• **Dataset extract**:
++++++

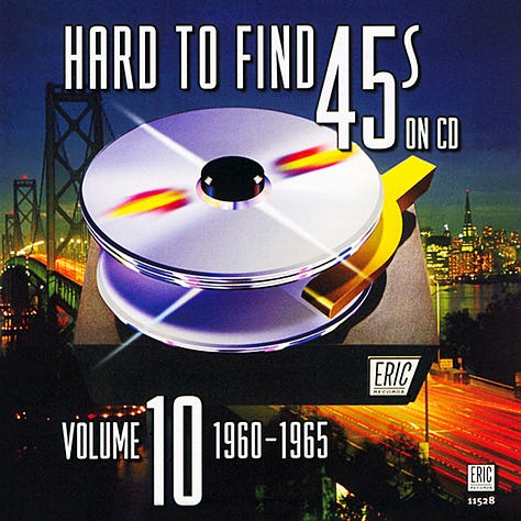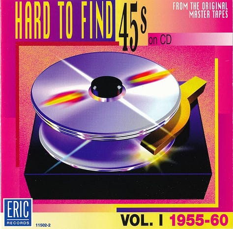 Compilations were the backbone of my musical education. When I wanted to get into a genre but didnât have the slightest clue where to start, it was always a safe bet to trust the judgment of someone who cared enough to put together a primer for you. Before the advent of sprawling genre or âvibeâ playlists on platforms and Spotify and YouTubeâat first curated by real humans, though rarely the case these daysâcollections of related music had to be assembled by people that knew their stuff. As a kid, I would often see a series called Hard to Find 45s on CD populating the bargain bins of department stores and the seldom-disturbed CD racks in thrift shops. Each disc would focus on a narrow period of time in pop music history (sometimes as vague as âthe â60sâ or as specific as â1957-1959â), with liner notes providing some quick facts about each artist featured.
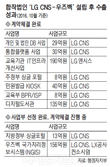 LG CNS가 합작법인 설립 이후 계약을 체결한 우즈벡 현지사업은 개인 및 법인 데이터베이스(DB) 사업(29억원), 통합플랫폼 사업(30억원), 주 정부 싱글 포털(8억원), 민원발급 키오스크(40억원), 교육부 BPR(비즈니스프로세스재설계)·ISP(정보화전략계획)(8억원), 디지털도서관(135억원), 교육기관 IT인프라 개선사업(190억원, LG 엔시스) 등이다. 현재 계약체결이 진행 중인 사업은 지방정부 싱글 포털(13억원), 국가지리정보시스템(156억원) 등으로 169억원 규모다. 회사는 우즈벡 합작법인 운영 성과를 바탕으로 중앙아시아의 다른 국가로 진출을 확대할 계획이다.
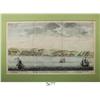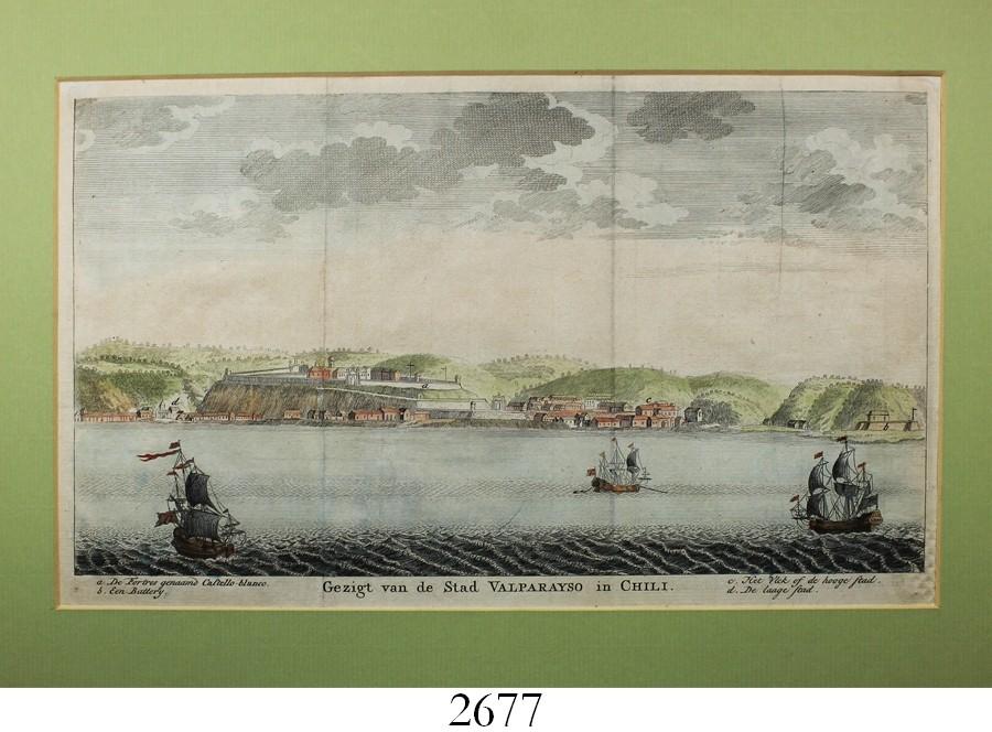Dutch woodcut engraving (1766) by Isaac Tirion entitled "Gezigt van de Stad Valparayso in Chili" showing the port of Valparaiso, Chile, hand-colored. 12-1/2" x 17" (with mat). Beautiful color, a tranquil scene of three ships and the city with various places labeled and keyed in the legend, with creases as usual but otherwise mint condition.
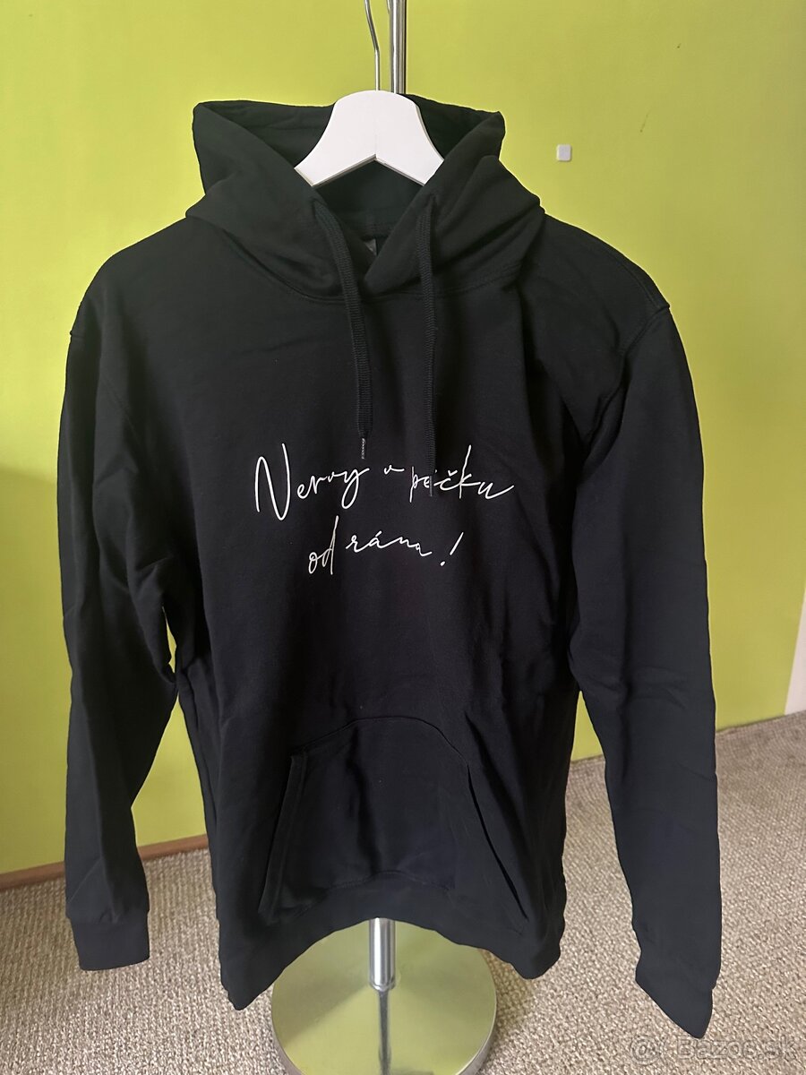 Damska cierna mikina s custom napisom : NERVY V PECKU OD RANA . Znacka : Kariban . Vo velmi dobrom stave, takmer nepouzita, farba stale syta nevyblednuta .
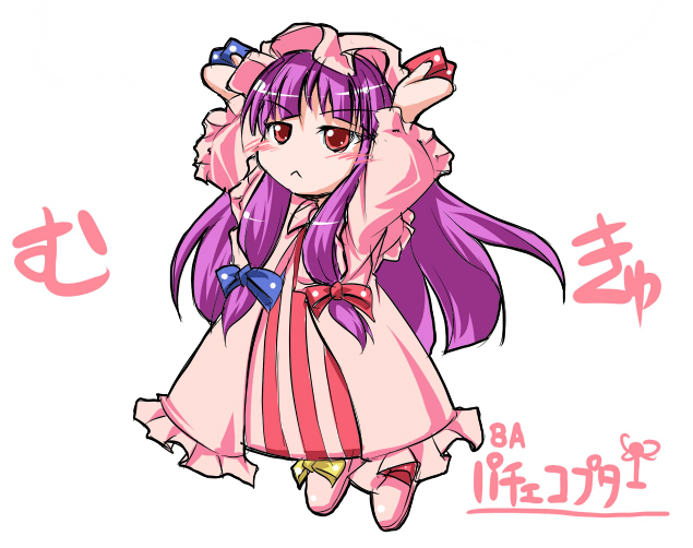 :o1boy1girlarms upchibifemale focuslong hairmukyuuoutstretched armspurple hairred eyessolowhite background
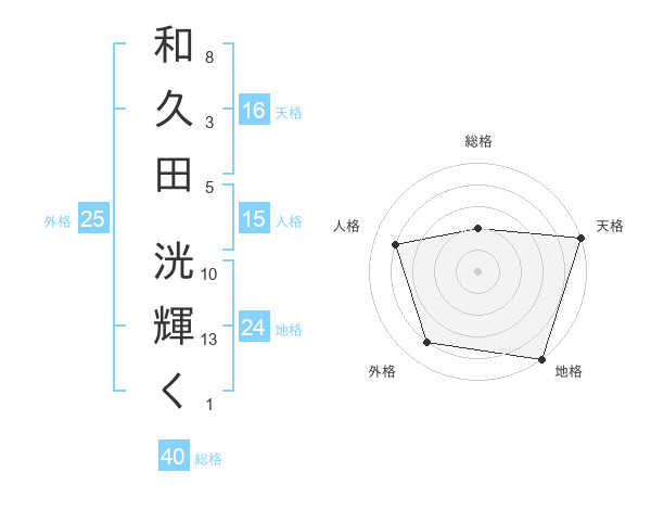 和久田 洸輝くさんを姓名の画数から五運を鑑定
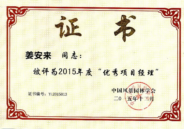 - 12月21日,中國風(fēng)景園林學(xué)會“優(yōu)秀項目經(jīng)理”頒獎大會在合肥市安徽高速開元國際大酒店隆重召開。浙江三葉園林建設(shè)有限公司工程部經(jīng)理吳惠芬應(yīng)邀出席。來自全省各地的省風(fēng)景園林學(xué)會會員單位代表、獲獎單位代表等參加了大會。大會首先宣讀了獲獎文件:《關(guān)于授予“2015年度中國風(fēng)景園林學(xué)會 《優(yōu)秀項目經(jīng)理》”名單的通知》接著,舉行了隆重的頒獎儀式。其中,浙江三葉園林建設(shè)有限公司工程師姜安來同志獲評2015年度“優(yōu)秀項目經(jīng)理”。2015年,對建設(shè)美麗中國的大步推進,三葉園林積極探索、創(chuàng)新發(fā)展,夯實前進,在項目管理、提高施工質(zhì)量和在繼承、創(chuàng)新、建造節(jié)約型園林、爭創(chuàng)“優(yōu)秀園林工程”為生態(tài)中國的建設(shè),再添光彩!

++++++

Each record above should be retyped exactly, with no pictures carried over.

• **Exercise output**:
 Compilations were the backbone of my musical education. When I wanted to get into a genre but didnât have the slightest clue where to start, it was always a safe bet to trust the judgment of someone who cared enough to put together a primer for you. Before the advent of sprawling genre or âvibeâ playlists on platforms and Spotify and YouTubeâat first curated by real humans, though rarely the case these daysâcollections of related music had to be assembled by people that knew their stuff. As a kid, I would often see a series called Hard to Find 45s on CD populating the bargain bins of department stores and the seldom-disturbed CD racks in thrift shops. Each disc would focus on a narrow period of time in pop music history (sometimes as vague as âthe â60sâ or as specific as â1957-1959â), with liner notes providing some quick facts about each artist featured.
 LG CNS가 합작법인 설립 이후 계약을 체결한 우즈벡 현지사업은 개인 및 법인 데이터베이스(DB) 사업(29억원), 통합플랫폼 사업(30억원), 주 정부 싱글 포털(8억원), 민원발급 키오스크(40억원), 교육부 BPR(비즈니스프로세스재설계)·ISP(정보화전략계획)(8억원), 디지털도서관(135억원), 교육기관 IT인프라 개선사업(190억원, LG 엔시스) 등이다. 현재 계약체결이 진행 중인 사업은 지방정부 싱글 포털(13억원), 국가지리정보시스템(156억원) 등으로 169억원 규모다. 회사는 우즈벡 합작법인 운영 성과를 바탕으로 중앙아시아의 다른 국가로 진출을 확대할 계획이다.
Dutch woodcut engraving (1766) by Isaac Tirion entitled "Gezigt van de Stad Valparayso in Chili" showing the port of Valparaiso, Chile, hand-colored. 12-1/2" x 17" (with mat). Beautiful color, a tranquil scene of three ships and the city with various places labeled and keyed in the legend, with creases as usual but otherwise mint condition.
 Damska cierna mikina s custom napisom : NERVY V PECKU OD RANA . Znacka : Kariban . Vo velmi dobrom stave, takmer nepouzita, farba stale syta nevyblednuta .
 :o1boy1girlarms upchibifemale focuslong hairmukyuuoutstretched armspurple hairred eyessolowhite background
 和久田 洸輝くさんを姓名の画数から五運を鑑定
 - 12月21日,中國風(fēng)景園林學(xué)會“優(yōu)秀項目經(jīng)理”頒獎大會在合肥市安徽高速開元國際大酒店隆重召開。浙江三葉園林建設(shè)有限公司工程部經(jīng)理吳惠芬應(yīng)邀出席。來自全省各地的省風(fēng)景園林學(xué)會會員單位代表、獲獎單位代表等參加了大會。大會首先宣讀了獲獎文件:《關(guān)于授予“2015年度中國風(fēng)景園林學(xué)會 《優(yōu)秀項目經(jīng)理》”名單的通知》接著,舉行了隆重的頒獎儀式。其中,浙江三葉園林建設(shè)有限公司工程師姜安來同志獲評2015年度“優(yōu)秀項目經(jīng)理”。2015年,對建設(shè)美麗中國的大步推進,三葉園林積極探索、創(chuàng)新發(fā)展,夯實前進,在項目管理、提高施工質(zhì)量和在繼承、創(chuàng)新、建造節(jié)約型園林、爭創(chuàng)“優(yōu)秀園林工程”為生態(tài)中國的建設(shè),再添光彩!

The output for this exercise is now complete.